[[ Data for this exercise, beginning ]]

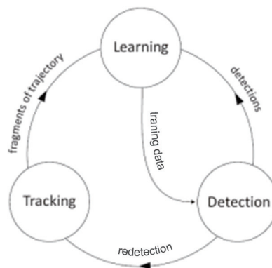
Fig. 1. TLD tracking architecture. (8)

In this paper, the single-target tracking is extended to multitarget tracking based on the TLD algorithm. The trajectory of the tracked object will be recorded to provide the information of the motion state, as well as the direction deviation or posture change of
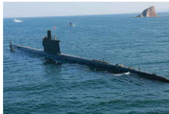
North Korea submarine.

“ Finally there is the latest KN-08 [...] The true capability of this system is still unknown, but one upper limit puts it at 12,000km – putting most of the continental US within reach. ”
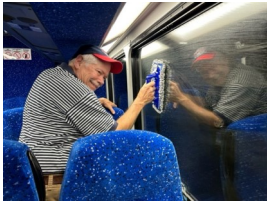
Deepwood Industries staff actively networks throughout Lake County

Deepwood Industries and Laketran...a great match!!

[[ Data for this exercise, end ]]
[[ Data for this exercise, beginning ]]

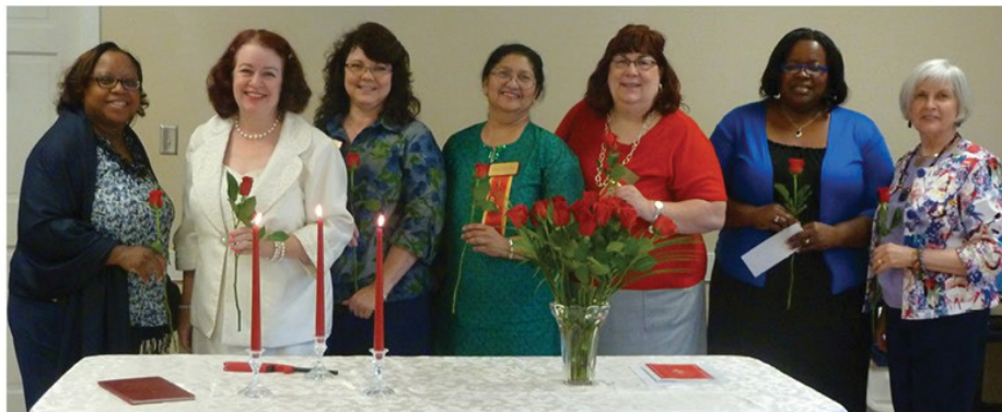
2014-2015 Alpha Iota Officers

[[ Data for this exercise, end ]]

» Description of the task
The range runs from the line with "Deepwood Industries staff" up to and including the line with "Deepwood Industries and" in the listing above; please write out exactly those lines and nothing more.

» Answer for this exercise
Deepwood Industries staff actively networks throughout Lake County

Deepwood Industries and Laketran...a great match!!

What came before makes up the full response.